= Halyna Kolotnytska =

Libyan-Ukrainian nurse

Halyna Kolotnytska (Галина Колотницька, née Galyna Koschiy, also spelled Galina Kolotnitskaya after the Russian form of her name (Галина Колотницкая); b.2 January 1976) is a Libyan-Ukrainian nurse and a former member of her country's Antarctic research mission. She is mostly known for her close association with former Libyan leader Muammar Gaddafi.

==Early life==
Kolotnytska was born on 2 January 1976 in Brovary, in the Ukrainian SSR of the Soviet Union (in present-day Ukraine). She graduated from an unspecified nursing college in Kyiv. Kolotnytska's husband, an electrician at a local factory, died in 1992, after which Kolotnytska moved from her local nursing job to work as a cook at Ukraine's Antarctic research station. There she was described as "harshly enforcing hygiene rules".

==Career==
Kolotnytska moved to Libya in 2001, with the help of a medical agency acquired abroad, where she first worked at a hospital and then went on to serve Gaddafi. At the time, Libya was a popular destination for Ukrainian doctors because the pay was higher than in Ukraine.
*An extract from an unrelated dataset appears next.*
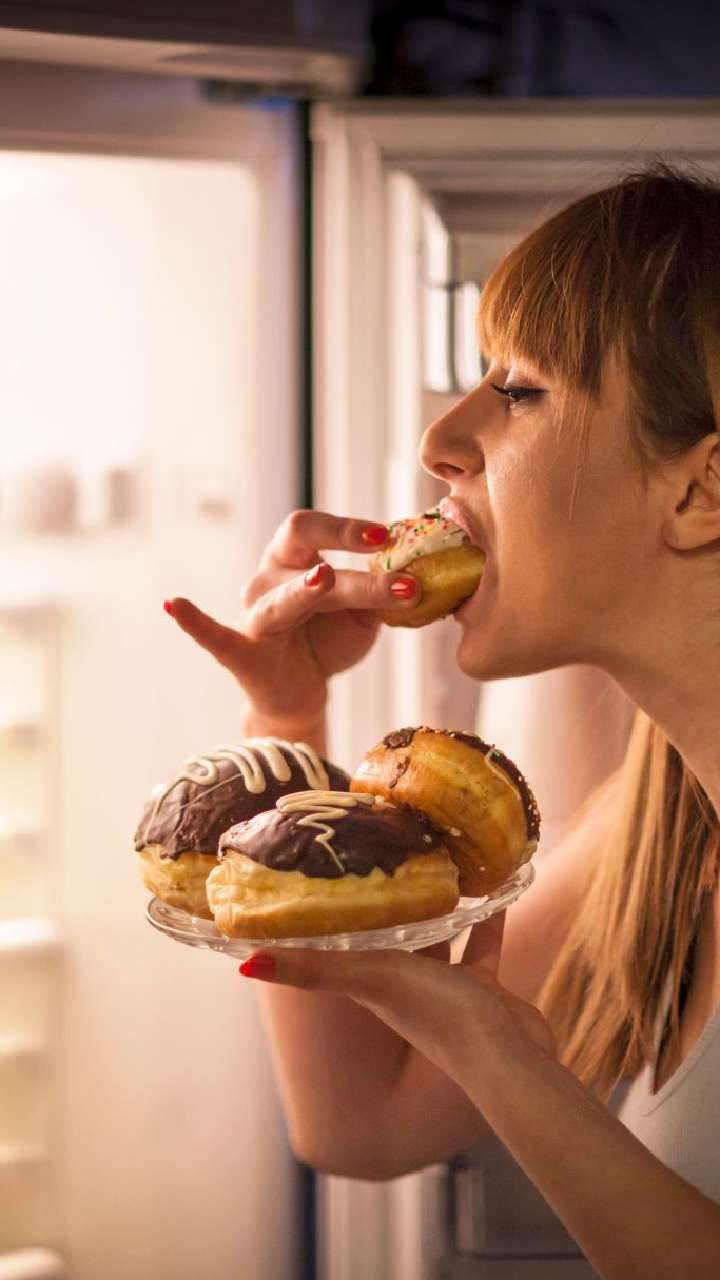 Eating lots of high-calorie snacks before bed can make you gain weight, especially around your tummy.

According to various estimates, there were about 500 Ukrainian doctors and nurses in Libya in early 2011. It is reported that Gaddafi employed four nurses from Ukraine.
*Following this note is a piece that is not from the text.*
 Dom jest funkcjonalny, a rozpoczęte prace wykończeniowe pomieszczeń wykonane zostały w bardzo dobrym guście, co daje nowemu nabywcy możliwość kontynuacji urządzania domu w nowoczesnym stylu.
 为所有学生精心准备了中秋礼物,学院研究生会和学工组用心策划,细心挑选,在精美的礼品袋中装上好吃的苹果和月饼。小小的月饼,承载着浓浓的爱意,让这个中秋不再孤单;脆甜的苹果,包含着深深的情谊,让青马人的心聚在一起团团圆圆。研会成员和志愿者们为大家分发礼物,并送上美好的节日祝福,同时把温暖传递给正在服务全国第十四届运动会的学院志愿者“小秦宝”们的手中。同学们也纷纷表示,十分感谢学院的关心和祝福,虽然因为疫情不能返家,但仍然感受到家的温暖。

Kolotnytska left Libya in the midst of the Libyan Civil War; evacuated by the Ukrainian ministry of defence she arrived in Kyiv (the capital of Ukraine) on 27 February 2011.

Kolotnytska applied for political asylum in Norway early May 2011. Norwegian authorities swiftly refused to grant asylum to her.
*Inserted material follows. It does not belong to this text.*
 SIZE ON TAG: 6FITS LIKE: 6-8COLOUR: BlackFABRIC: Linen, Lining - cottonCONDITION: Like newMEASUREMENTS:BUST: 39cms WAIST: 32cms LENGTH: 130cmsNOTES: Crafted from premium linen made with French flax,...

==United States diplomatic cables leak==
Kolotnytska was described by Gene Cretz, the U.S. ambassador to Libya, as the "voluptuous blonde" without whom Muammar Gaddafi, leader of Libya, never traveled. The characterization surfaced after the secret diplomatic cable sent by Cretz was published as a part of the United States diplomatic cables leak. The cable was sent from the United States embassy in Tripoli on 29 September 2009. It was also revealed that the Libyan government sent a private jet to ferry her from Libya to Portugal, to meet Gaddafi during his rest-stop. Kolotnytska alone is said to have "known Gaddafi's routine". Kolotnytska's daughter Tatyana and her mother Iryna have denied that Kolotnytska was Gaddafi's mistress.